=== Directions ===
Where the data below shows a picture, leave that picture out and copy the rest exactly.

=== Available data ===
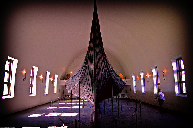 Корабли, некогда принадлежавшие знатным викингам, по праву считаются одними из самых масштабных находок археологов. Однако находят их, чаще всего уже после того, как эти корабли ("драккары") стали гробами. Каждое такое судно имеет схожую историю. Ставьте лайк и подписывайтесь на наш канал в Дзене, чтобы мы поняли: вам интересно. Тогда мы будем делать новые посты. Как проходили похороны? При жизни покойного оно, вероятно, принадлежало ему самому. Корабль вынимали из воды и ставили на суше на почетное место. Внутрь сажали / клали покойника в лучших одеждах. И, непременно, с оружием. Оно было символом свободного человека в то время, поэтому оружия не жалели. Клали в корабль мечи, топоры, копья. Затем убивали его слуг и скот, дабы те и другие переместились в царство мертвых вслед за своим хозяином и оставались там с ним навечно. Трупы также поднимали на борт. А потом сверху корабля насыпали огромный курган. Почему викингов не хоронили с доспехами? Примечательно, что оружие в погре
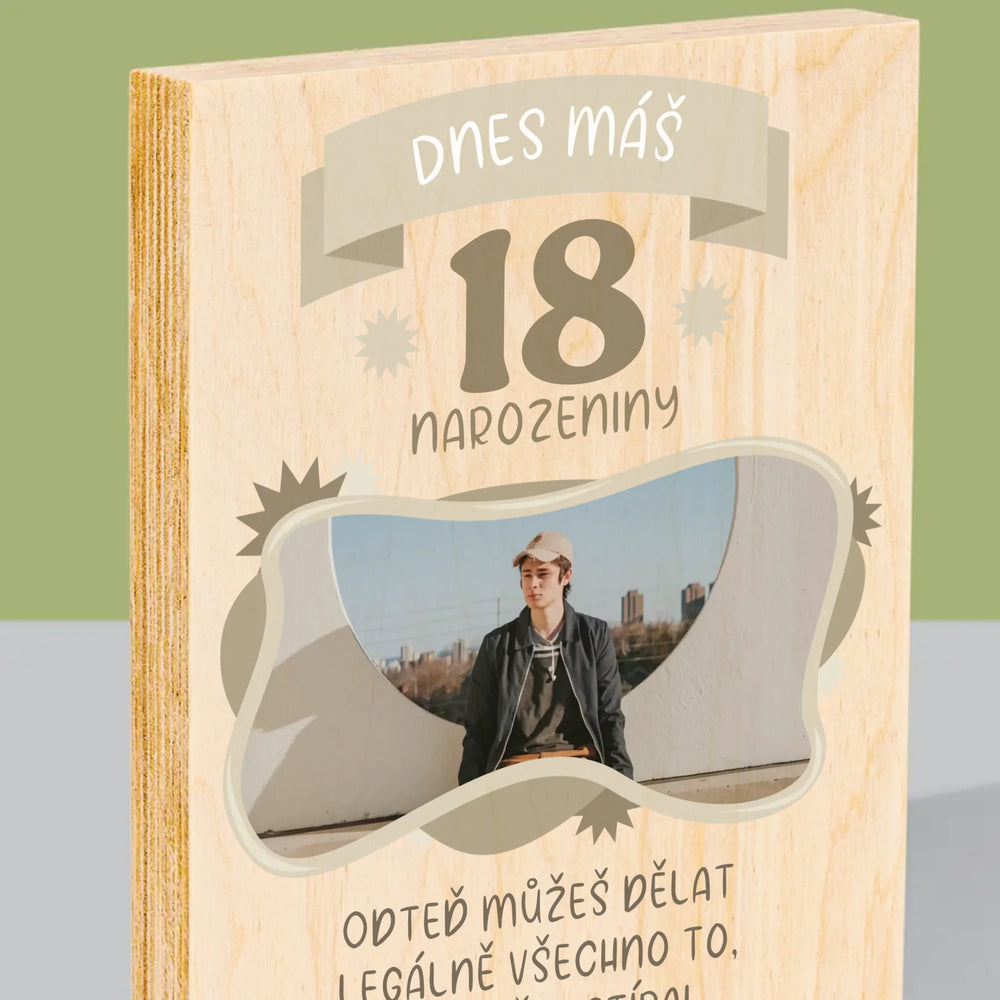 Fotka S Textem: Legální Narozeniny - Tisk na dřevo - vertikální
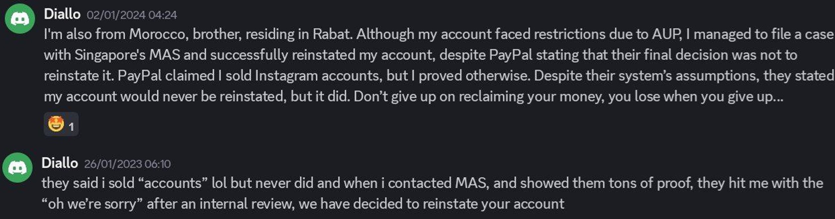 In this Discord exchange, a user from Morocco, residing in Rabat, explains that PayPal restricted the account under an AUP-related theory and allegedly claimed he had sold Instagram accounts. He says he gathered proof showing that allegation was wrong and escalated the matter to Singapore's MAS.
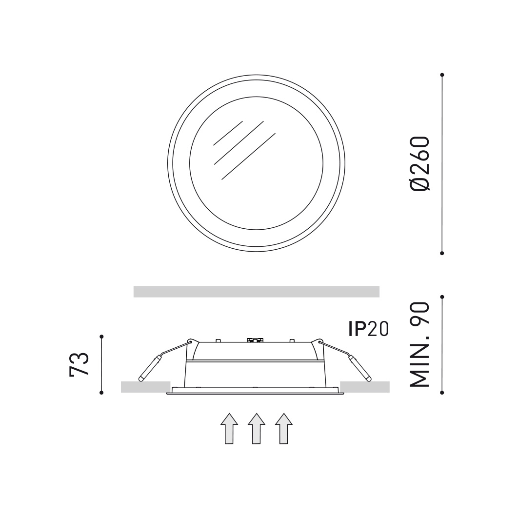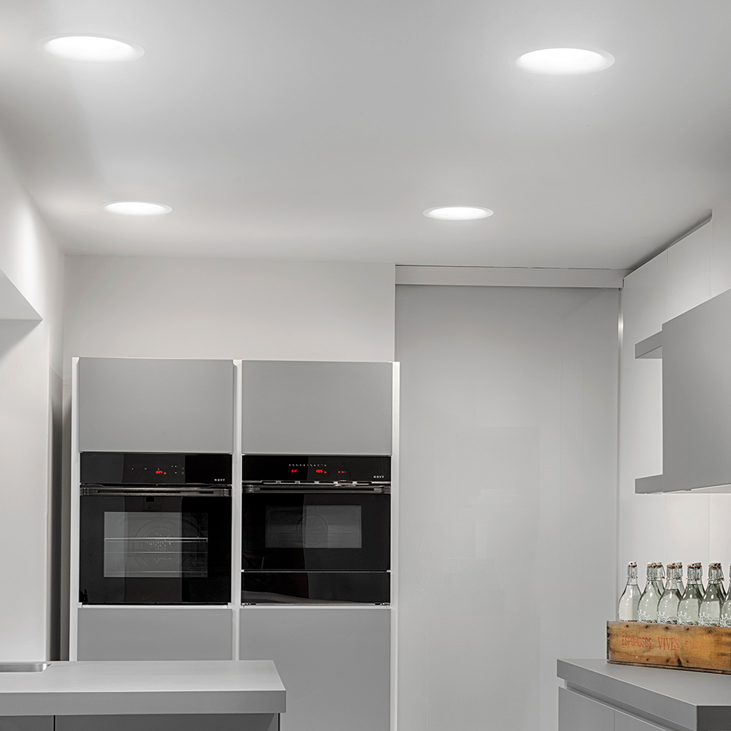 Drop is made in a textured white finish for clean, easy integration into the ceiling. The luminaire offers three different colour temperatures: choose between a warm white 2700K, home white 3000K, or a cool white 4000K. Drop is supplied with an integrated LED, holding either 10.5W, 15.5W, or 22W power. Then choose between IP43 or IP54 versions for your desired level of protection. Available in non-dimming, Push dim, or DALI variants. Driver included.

=== Answer ===
 Корабли, некогда принадлежавшие знатным викингам, по праву считаются одними из самых масштабных находок археологов. Однако находят их, чаще всего уже после того, как эти корабли ("драккары") стали гробами. Каждое такое судно имеет схожую историю. Ставьте лайк и подписывайтесь на наш канал в Дзене, чтобы мы поняли: вам интересно. Тогда мы будем делать новые посты. Как проходили похороны? При жизни покойного оно, вероятно, принадлежало ему самому. Корабль вынимали из воды и ставили на суше на почетное место. Внутрь сажали / клали покойника в лучших одеждах. И, непременно, с оружием. Оно было символом свободного человека в то время, поэтому оружия не жалели. Клали в корабль мечи, топоры, копья. Затем убивали его слуг и скот, дабы те и другие переместились в царство мертвых вслед за своим хозяином и оставались там с ним навечно. Трупы также поднимали на борт. А потом сверху корабля насыпали огромный курган. Почему викингов не хоронили с доспехами? Примечательно, что оружие в погре
 Fotka S Textem: Legální Narozeniny - Tisk na dřevo - vertikální
 In this Discord exchange, a user from Morocco, residing in Rabat, explains that PayPal restricted the account under an AUP-related theory and allegedly claimed he had sold Instagram accounts. He says he gathered proof showing that allegation was wrong and escalated the matter to Singapore's MAS.
 Drop is made in a textured white finish for clean, easy integration into the ceiling. The luminaire offers three different colour temperatures: choose between a warm white 2700K, home white 3000K, or a cool white 4000K. Drop is supplied with an integrated LED, holding either 10.5W, 15.5W, or 22W power. Then choose between IP43 or IP54 versions for your desired level of protection. Available in non-dimming, Push dim, or DALI variants. Driver included.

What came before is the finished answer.